**PROBLEM TO SOLVE**
Print the listing exactly as it stands. Skip every picture.

**MATERIAL PROVIDED**
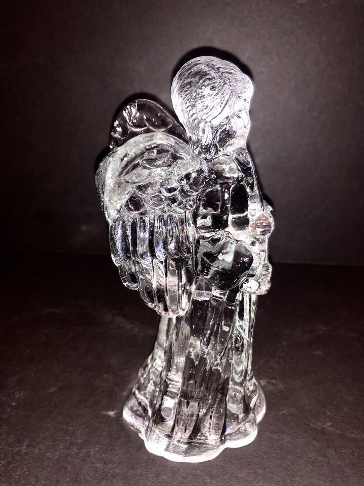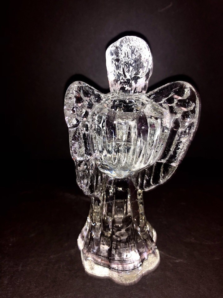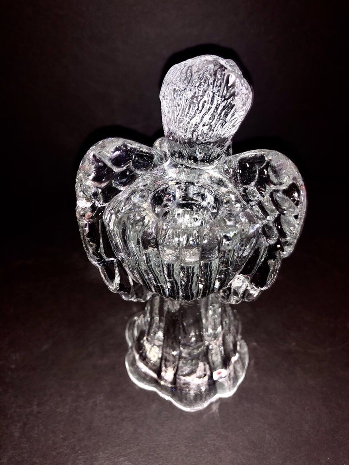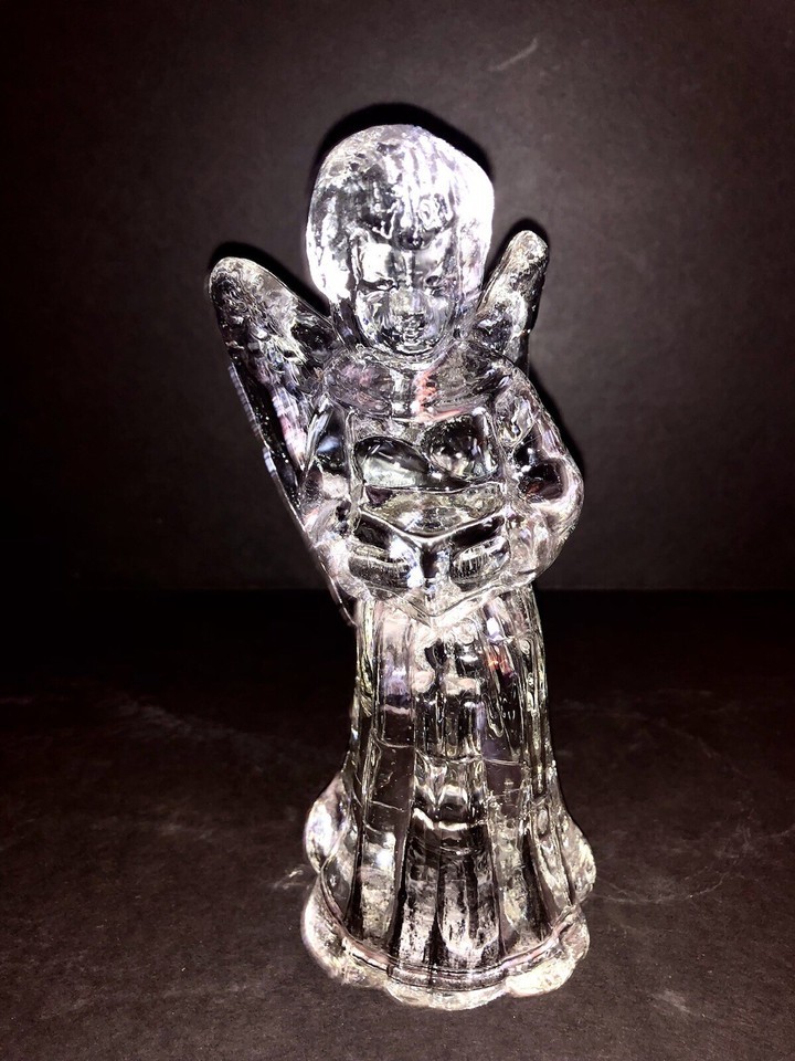 Add a touch of elegance to any room with these two vintage 24% lead crystal glass angels taper candle holders. One is holding a book as if caroling and the other is playing an instrument. Standing at 6.5 inches tall, they are perfect for any setting and suitable for all occasions. The angels are unboxed. They have a 3D effect, making them suitable for any room.
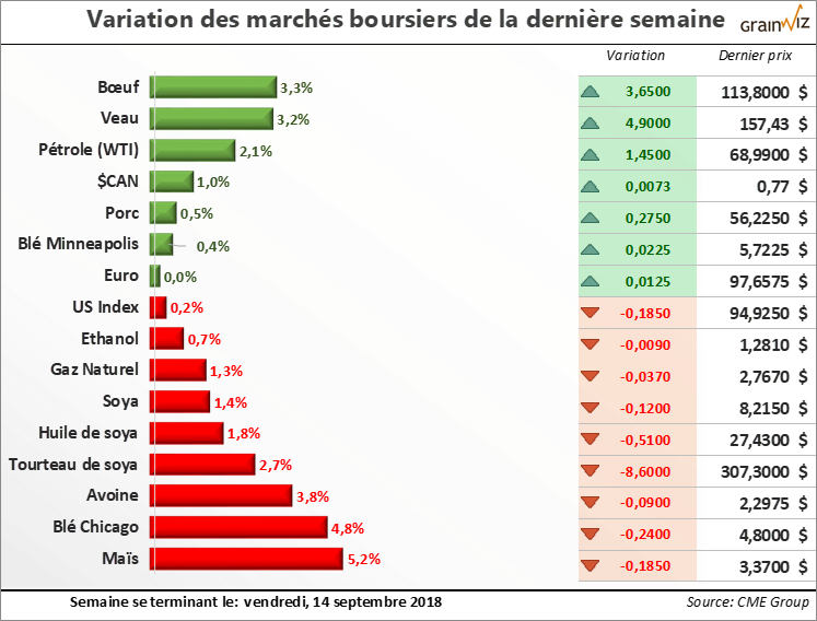 Maïs - Les perspectives du côté de la demande pour le maïs demeurent très intéressantes, avec une disponibilité de maïs qui devrait toujours reculer pour la prochaine année, et ce, autant aux États-Unis que dans le monde. Toutefois, les marchés n'avaient pas anticipé l'ajustement à la hausse important du rendement américain qu'a proposé mercredi dernier le USDA, forçant ceux-ci à ajuster le tir avec une forte correction des prix dans les derniers jours.
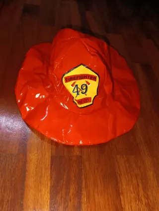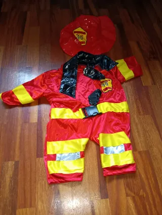 Disfraz de bombero para bebé, ideal para fiestas o juegos. - Traje rojo con detalles amarillos y plateados. - Incluye gorro a juego.

**SOLVED EXERCISE**
 Add a touch of elegance to any room with these two vintage 24% lead crystal glass angels taper candle holders. One is holding a book as if caroling and the other is playing an instrument. Standing at 6.5 inches tall, they are perfect for any setting and suitable for all occasions. The angels are unboxed. They have a 3D effect, making them suitable for any room.
 Maïs - Les perspectives du côté de la demande pour le maïs demeurent très intéressantes, avec une disponibilité de maïs qui devrait toujours reculer pour la prochaine année, et ce, autant aux États-Unis que dans le monde. Toutefois, les marchés n'avaient pas anticipé l'ajustement à la hausse important du rendement américain qu'a proposé mercredi dernier le USDA, forçant ceux-ci à ajuster le tir avec une forte correction des prix dans les derniers jours.
 Disfraz de bombero para bebé, ideal para fiestas o juegos. - Traje rojo con detalles amarillos y plateados. - Incluye gorro a juego.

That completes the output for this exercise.